(Dataset section)

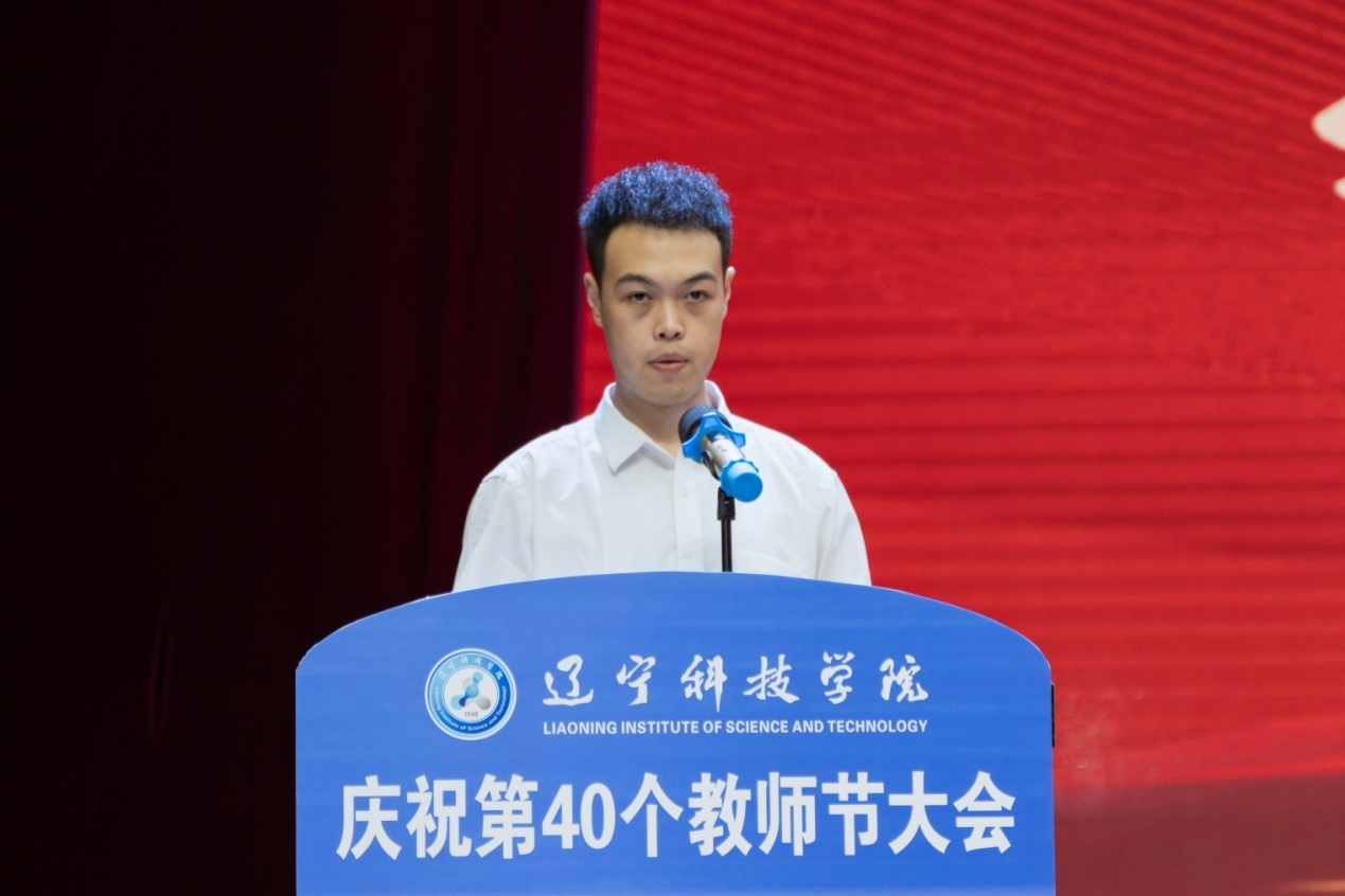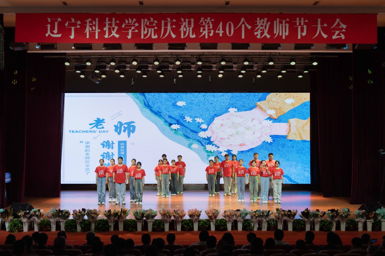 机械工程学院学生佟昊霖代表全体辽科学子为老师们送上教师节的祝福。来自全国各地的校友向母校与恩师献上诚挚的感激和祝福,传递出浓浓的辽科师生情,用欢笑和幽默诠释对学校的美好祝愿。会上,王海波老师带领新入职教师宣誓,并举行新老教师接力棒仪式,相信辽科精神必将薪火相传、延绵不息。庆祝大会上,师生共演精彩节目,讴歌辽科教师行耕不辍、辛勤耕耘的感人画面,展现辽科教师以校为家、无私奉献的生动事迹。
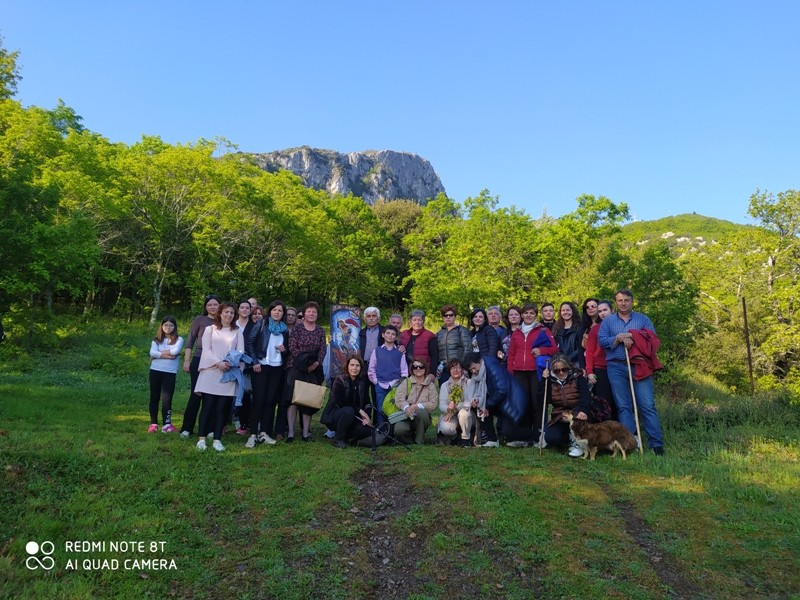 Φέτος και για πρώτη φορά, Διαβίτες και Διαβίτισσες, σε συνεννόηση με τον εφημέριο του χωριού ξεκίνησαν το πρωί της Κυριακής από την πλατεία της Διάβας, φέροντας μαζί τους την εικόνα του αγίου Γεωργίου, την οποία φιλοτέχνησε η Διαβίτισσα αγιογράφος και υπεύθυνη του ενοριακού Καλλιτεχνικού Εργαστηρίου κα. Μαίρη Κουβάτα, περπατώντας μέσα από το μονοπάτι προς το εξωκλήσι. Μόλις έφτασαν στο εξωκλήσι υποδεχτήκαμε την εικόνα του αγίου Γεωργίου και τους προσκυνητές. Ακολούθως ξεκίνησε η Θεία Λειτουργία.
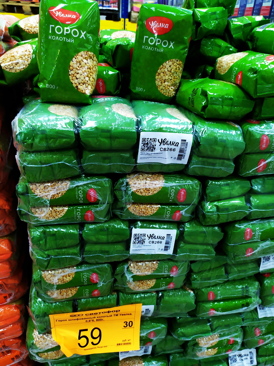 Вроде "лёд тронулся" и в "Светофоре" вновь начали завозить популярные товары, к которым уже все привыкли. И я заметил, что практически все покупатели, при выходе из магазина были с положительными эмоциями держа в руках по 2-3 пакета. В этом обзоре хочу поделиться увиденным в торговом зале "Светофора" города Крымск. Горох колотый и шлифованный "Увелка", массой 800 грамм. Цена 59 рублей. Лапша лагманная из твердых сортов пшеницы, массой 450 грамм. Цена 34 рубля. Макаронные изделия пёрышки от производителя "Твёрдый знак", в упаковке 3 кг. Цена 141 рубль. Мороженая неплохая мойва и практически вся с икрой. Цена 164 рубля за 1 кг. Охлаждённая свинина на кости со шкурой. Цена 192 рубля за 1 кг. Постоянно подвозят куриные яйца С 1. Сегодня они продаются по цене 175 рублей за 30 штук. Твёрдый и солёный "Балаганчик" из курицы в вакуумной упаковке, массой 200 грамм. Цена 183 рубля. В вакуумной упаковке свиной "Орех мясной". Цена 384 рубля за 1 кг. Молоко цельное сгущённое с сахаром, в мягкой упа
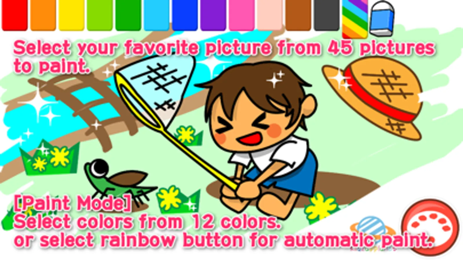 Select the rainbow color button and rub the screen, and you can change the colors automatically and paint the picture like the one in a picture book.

(End Dataset section)

Could you print the whole listing again, exactly, leaving the pictures out?

 机械工程学院学生佟昊霖代表全体辽科学子为老师们送上教师节的祝福。来自全国各地的校友向母校与恩师献上诚挚的感激和祝福,传递出浓浓的辽科师生情,用欢笑和幽默诠释对学校的美好祝愿。会上,王海波老师带领新入职教师宣誓,并举行新老教师接力棒仪式,相信辽科精神必将薪火相传、延绵不息。庆祝大会上,师生共演精彩节目,讴歌辽科教师行耕不辍、辛勤耕耘的感人画面,展现辽科教师以校为家、无私奉献的生动事迹。
 Φέτος και για πρώτη φορά, Διαβίτες και Διαβίτισσες, σε συνεννόηση με τον εφημέριο του χωριού ξεκίνησαν το πρωί της Κυριακής από την πλατεία της Διάβας, φέροντας μαζί τους την εικόνα του αγίου Γεωργίου, την οποία φιλοτέχνησε η Διαβίτισσα αγιογράφος και υπεύθυνη του ενοριακού Καλλιτεχνικού Εργαστηρίου κα. Μαίρη Κουβάτα, περπατώντας μέσα από το μονοπάτι προς το εξωκλήσι. Μόλις έφτασαν στο εξωκλήσι υποδεχτήκαμε την εικόνα του αγίου Γεωργίου και τους προσκυνητές. Ακολούθως ξεκίνησε η Θεία Λειτουργία.
 Вроде "лёд тронулся" и в "Светофоре" вновь начали завозить популярные товары, к которым уже все привыкли. И я заметил, что практически все покупатели, при выходе из магазина были с положительными эмоциями держа в руках по 2-3 пакета. В этом обзоре хочу поделиться увиденным в торговом зале "Светофора" города Крымск. Горох колотый и шлифованный "Увелка", массой 800 грамм. Цена 59 рублей. Лапша лагманная из твердых сортов пшеницы, массой 450 грамм. Цена 34 рубля. Макаронные изделия пёрышки от производителя "Твёрдый знак", в упаковке 3 кг. Цена 141 рубль. Мороженая неплохая мойва и практически вся с икрой. Цена 164 рубля за 1 кг. Охлаждённая свинина на кости со шкурой. Цена 192 рубля за 1 кг. Постоянно подвозят куриные яйца С 1. Сегодня они продаются по цене 175 рублей за 30 штук. Твёрдый и солёный "Балаганчик" из курицы в вакуумной упаковке, массой 200 грамм. Цена 183 рубля. В вакуумной упаковке свиной "Орех мясной". Цена 384 рубля за 1 кг. Молоко цельное сгущённое с сахаром, в мягкой упа
 Select the rainbow color button and rub the screen, and you can change the colors automatically and paint the picture like the one in a picture book.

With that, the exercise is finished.